Cylinder parallel to a constant external B field

[sayebms]

Homework Statement

A cylinder of permeability ##\mu## is placed in an external field ##B_0##. find the strength and direction of magnetic field inside the cylinder for:
a) when axis of cylinder is parallel to external field.
b) when axis of cylinder makes an angle ##\theta _0## with external field.

Homework Equations

Conditions of magneto statics:$$\nabla \times H =0\\H=-\nabla{\phi}\\\nabla^2{\phi}=0$$
the Laplace operator is in cylindrical coordinates

The Attempt at a Solution

for part a I take B to be in x direction. its clear from the problem that there is a symmetry in the ##\phi## direction so this means that the magnetic scalar potential does not depend on ##\phi##. hence the Laplace equation reduces to $$\frac{1}{\rho}\frac{\partial}{\partial{\rho}}(\rho \frac{\partial \phi}{\partial{\rho}})+\frac{\partial^2\phi}{\partial z^2}=0$$ but here is the problem; I know that the magnetic field outside and far from cylinder must be a constant (##B_0##) which means that potential must have a term first order in ##z## but as we see from the Laplace equation we don't get such a thing. what am I doing wrong here? is this even the right approach for solving this problem? [/B]

 

[mark726]

Your approach is correct, but you are missing a boundary condition.

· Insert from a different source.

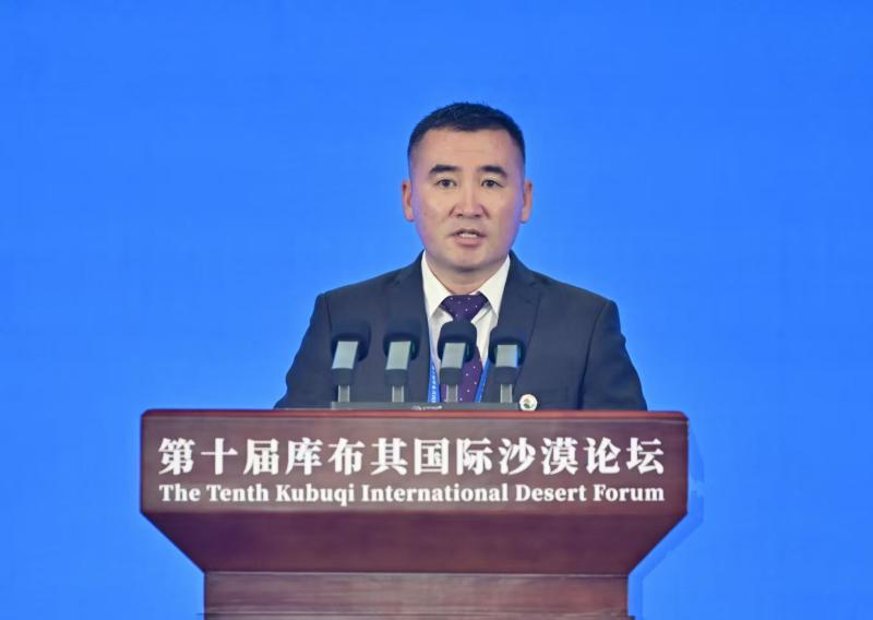 9月16日,蒙古國政府直屬國家林業(yè)局局長賓·奧云薩那在第十屆庫布其國際沙漠論壇開幕式上致辭。草原云·內蒙古新聞網(wǎng)記者 馬建兵 攝

In order to determine the magnetic scalar potential, you need to specify the boundary conditions at the surface of the cylinder. In this case, the boundary condition is that the tangential component of the magnetic field (i.e. the component parallel to the surface of the cylinder) must be continuous across the surface. This means that the magnetic scalar potential must satisfy the equation $$\frac{\partial \phi}{\partial z}\bigg|_{z=0} = \frac{\partial \phi}{\partial z}\bigg|_{z=h}$$ where ##h## is the height of the cylinder. This condition will help you determine the first-order term in ##z## that you are missing. Once you have that, you can solve the Laplace equation to find the magnetic scalar potential and then use it to determine the magnetic field inside the cylinder.